Playing with Dolls
Childhood play
“Did you and your sisters ever play church with your dolls?” my friend asked. She has three brothers and one older sister and was wondering how my childhood play compared to hers.
“Did we play church?!’ I exclaimed. “Of course we did. We played on the porch steps, on the porch in chairs we lined up, on the upstairs stair steps and in the living room. It all depended on the weather,” I answered.
We not only played with our dolls, but we dressed up cats and kittens in doll clothes purchased from bins at Goodwill for a few pennies each. Goldie, our yellow-striped Tom, did not appreciate the pink dress we forced on his wiggling body. Sometime during another church service, he took off for the woods, tail sticking out from under the dress.
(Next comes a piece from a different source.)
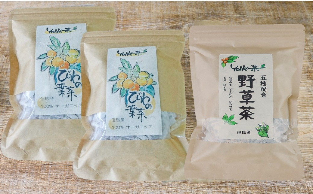 <YoNe茶>上品な甘みと香り「びわの葉茶」×2袋と香ばしく風味豊かな「野草茶」×1袋セット

He returned a few days later, unscathed, and dress-less. My sister remembers getting scratched from kittens who resisted our attempts to dress them. She got blood on one of her favorite doll dresses.
When our Saint Bernard, Julie, had puppies (ten of them), we had plenty of babies to use for children when we lined up on the porch steps for another church service. As the puppies grew older, they were harder to manhandle, so we went back to our dolls.
When we played with our dolls, we were usually traveling in a station wagon (so designed by the chairs on the porch) or sitting in church. Each of us had a name and our “husbands” had names, too. Of course, our husbands were imaginary, but we spoke with them nonetheless when we needed help with our babies. Cushions from the porch glider or living room sofa worked well as husbands. These imaginary husbands were often needed in the work of the church, so sometimes our row of children sat on benches with us and we handled them alone. We had rows of dolls on our pews – the more, the merrier.
In the winter or on rainy days, our church services were held inside the living room. There, the phonograph record player provided sermon material. We had many LP records of music, but not many of someone speaking. Somehow, our family obtained an LP record of the January 21, 1961 inaugural speech of JFK. That speech became our sermon. This is why I aptly remember JFK’s famous quote, “And so, my fellow Americans: ask not what this country can do for you; ask what you can do for your country. My fellow citizens of the world: ask not what America will do for you, but what together we can do for the freedom of man.”
His address lasted 13 minutes and 59 seconds. That was long enough, we thought, for a sermon. Somehow, we managed to sit with our squalling babies and restless children while the needle on the record moved in time, blaring into the living room the “sermon” for the day.
One day we decided to have “communion”. I remember that this speech was also our communion sermon. Whether Mama realized what we were doing or not, I have no clue. I think she would not have approved our using that inaugural address for a communion message. She didn’t mind that we took basins of water into the living room to wash feet at the end of the communion service. Of course, we also had to manage all our doll babies during communion and while we washed feet. It was more fun in play than when we faced that scenario in real life as adults, that’s certain.
Wonder of play
Remembering those days reminds me again that children reenact what is happening in their lives. Play helps children work through their own stories in person. In play, we flesh out real life as we see it in our childish mind. Today, my sisters and I share those good memories and realize how blessed we were to use our imaginations in the wonderful art of play.
Note: the doll is “Deborah”, so-named after a cousin’s child and belongs to my sister Rachel. “Deborah” was probably fifty years old in this photo. “Deborah” had a doll-cousin who belonged to me. Her name was “Cynthia”, also named after a cousin’s child. She no longer takes good photos, so I used this one.